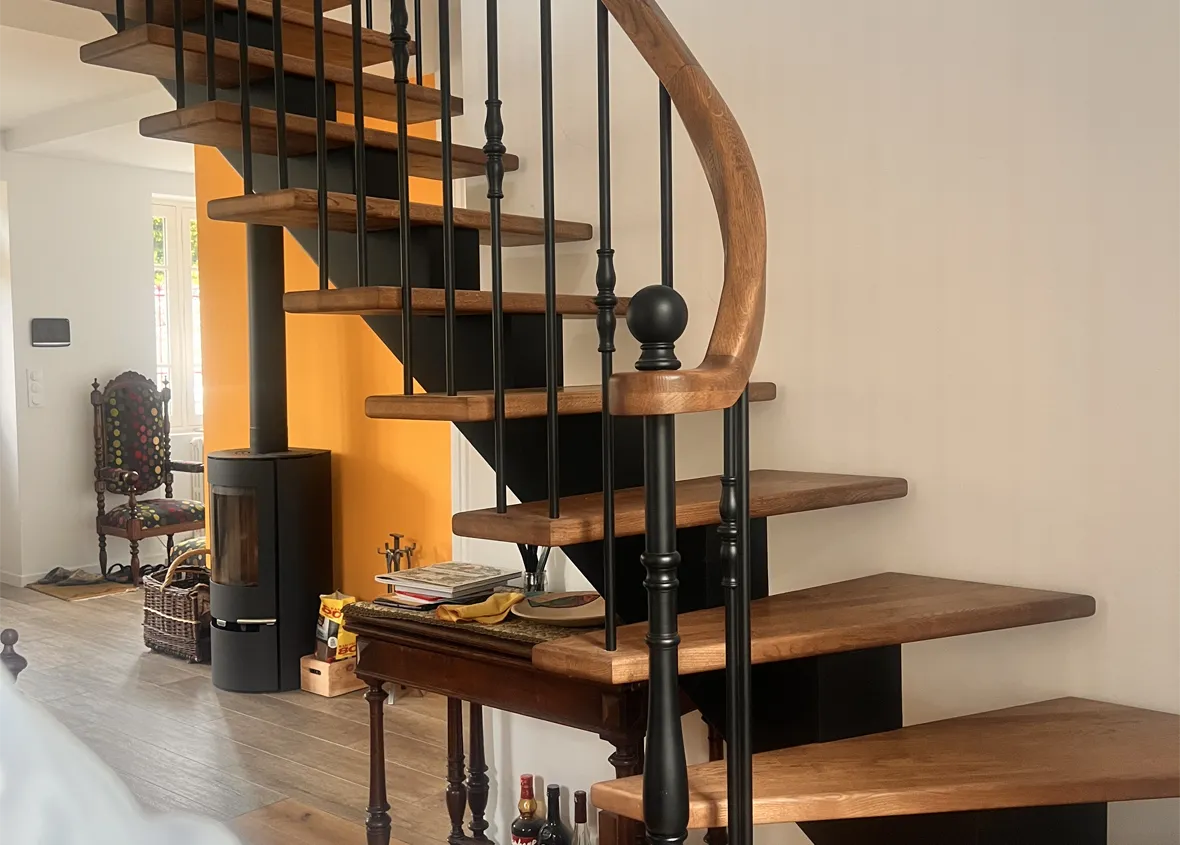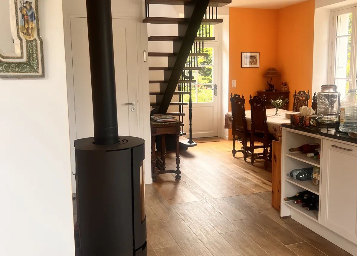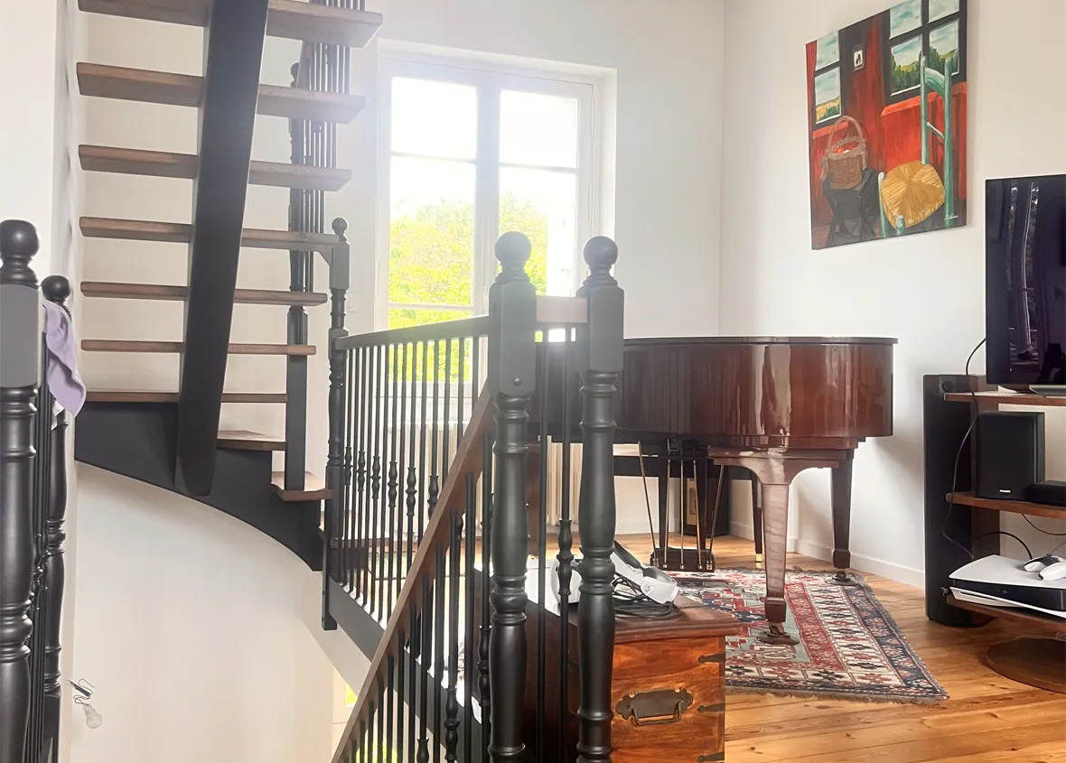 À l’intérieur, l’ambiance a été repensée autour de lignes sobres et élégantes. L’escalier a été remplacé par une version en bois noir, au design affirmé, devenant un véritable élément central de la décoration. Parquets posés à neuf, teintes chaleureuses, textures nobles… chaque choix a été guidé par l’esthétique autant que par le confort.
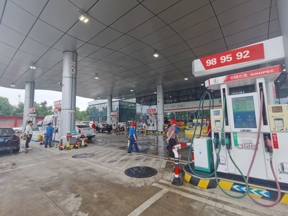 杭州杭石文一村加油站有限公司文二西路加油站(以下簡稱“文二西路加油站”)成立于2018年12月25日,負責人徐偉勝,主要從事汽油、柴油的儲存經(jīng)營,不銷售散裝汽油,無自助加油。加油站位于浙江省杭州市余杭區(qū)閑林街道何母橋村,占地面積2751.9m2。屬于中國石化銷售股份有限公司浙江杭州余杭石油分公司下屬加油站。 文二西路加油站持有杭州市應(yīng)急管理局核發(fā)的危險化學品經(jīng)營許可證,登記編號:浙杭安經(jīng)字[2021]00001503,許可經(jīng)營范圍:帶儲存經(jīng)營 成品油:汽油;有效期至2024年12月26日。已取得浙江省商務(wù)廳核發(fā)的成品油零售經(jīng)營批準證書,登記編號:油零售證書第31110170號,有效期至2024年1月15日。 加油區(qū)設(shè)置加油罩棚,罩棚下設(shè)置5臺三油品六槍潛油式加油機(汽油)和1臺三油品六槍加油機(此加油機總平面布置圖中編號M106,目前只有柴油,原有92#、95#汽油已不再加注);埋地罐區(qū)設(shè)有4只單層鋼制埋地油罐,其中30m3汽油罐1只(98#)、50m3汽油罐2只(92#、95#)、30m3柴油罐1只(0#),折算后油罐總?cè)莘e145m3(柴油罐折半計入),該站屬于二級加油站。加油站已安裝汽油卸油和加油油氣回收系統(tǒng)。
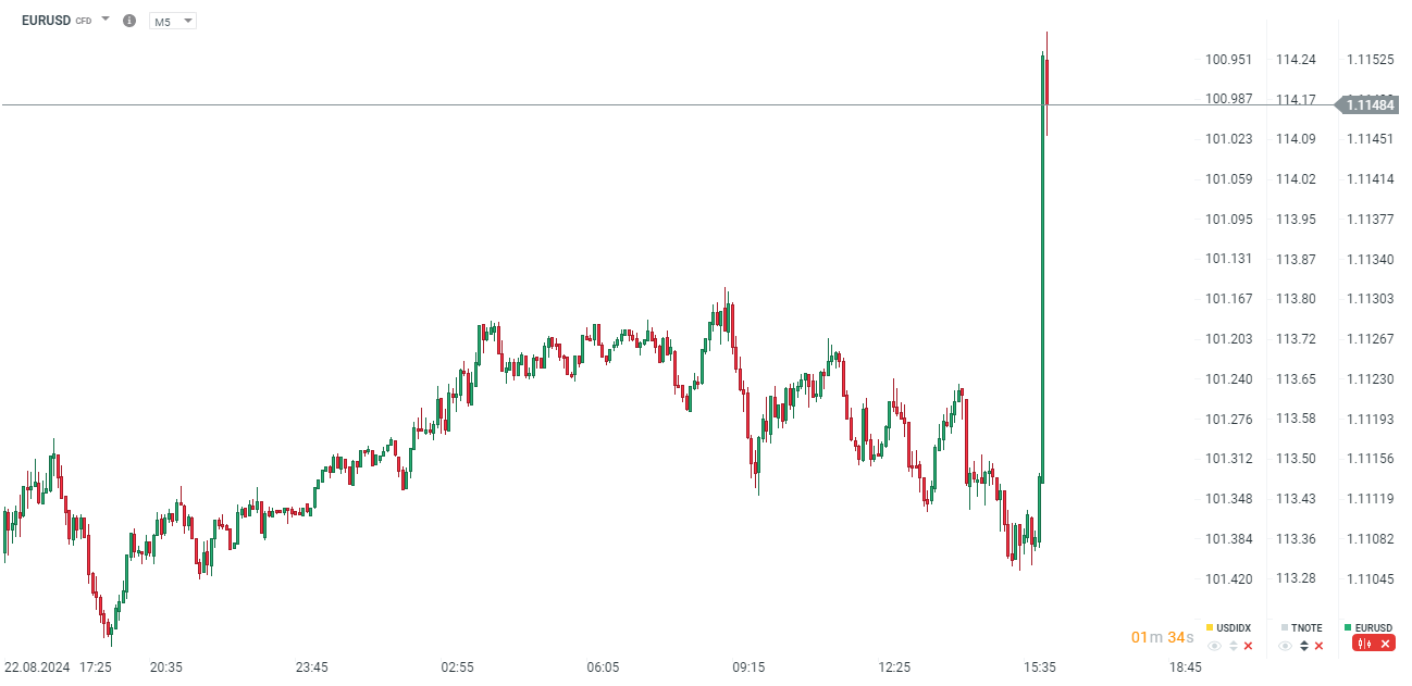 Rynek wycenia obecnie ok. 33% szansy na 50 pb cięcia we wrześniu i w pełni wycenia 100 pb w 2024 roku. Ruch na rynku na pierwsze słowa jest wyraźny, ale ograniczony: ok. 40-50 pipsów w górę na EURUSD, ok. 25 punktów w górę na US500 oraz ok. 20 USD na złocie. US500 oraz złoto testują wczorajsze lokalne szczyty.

- - -

Produce a verbatim copy of the listing, leaving out all pictures.

 À l’intérieur, l’ambiance a été repensée autour de lignes sobres et élégantes. L’escalier a été remplacé par une version en bois noir, au design affirmé, devenant un véritable élément central de la décoration. Parquets posés à neuf, teintes chaleureuses, textures nobles… chaque choix a été guidé par l’esthétique autant que par le confort.
 杭州杭石文一村加油站有限公司文二西路加油站(以下簡稱“文二西路加油站”)成立于2018年12月25日,負責人徐偉勝,主要從事汽油、柴油的儲存經(jīng)營,不銷售散裝汽油,無自助加油。加油站位于浙江省杭州市余杭區(qū)閑林街道何母橋村,占地面積2751.9m2。屬于中國石化銷售股份有限公司浙江杭州余杭石油分公司下屬加油站。 文二西路加油站持有杭州市應(yīng)急管理局核發(fā)的危險化學品經(jīng)營許可證,登記編號:浙杭安經(jīng)字[2021]00001503,許可經(jīng)營范圍:帶儲存經(jīng)營 成品油:汽油;有效期至2024年12月26日。已取得浙江省商務(wù)廳核發(fā)的成品油零售經(jīng)營批準證書,登記編號:油零售證書第31110170號,有效期至2024年1月15日。 加油區(qū)設(shè)置加油罩棚,罩棚下設(shè)置5臺三油品六槍潛油式加油機(汽油)和1臺三油品六槍加油機(此加油機總平面布置圖中編號M106,目前只有柴油,原有92#、95#汽油已不再加注);埋地罐區(qū)設(shè)有4只單層鋼制埋地油罐,其中30m3汽油罐1只(98#)、50m3汽油罐2只(92#、95#)、30m3柴油罐1只(0#),折算后油罐總?cè)莘e145m3(柴油罐折半計入),該站屬于二級加油站。加油站已安裝汽油卸油和加油油氣回收系統(tǒng)。
 Rynek wycenia obecnie ok. 33% szansy na 50 pb cięcia we wrześniu i w pełni wycenia 100 pb w 2024 roku. Ruch na rynku na pierwsze słowa jest wyraźny, ale ograniczony: ok. 40-50 pipsów w górę na EURUSD, ok. 25 punktów w górę na US500 oraz ok. 20 USD na złocie. US500 oraz złoto testują wczorajsze lokalne szczyty.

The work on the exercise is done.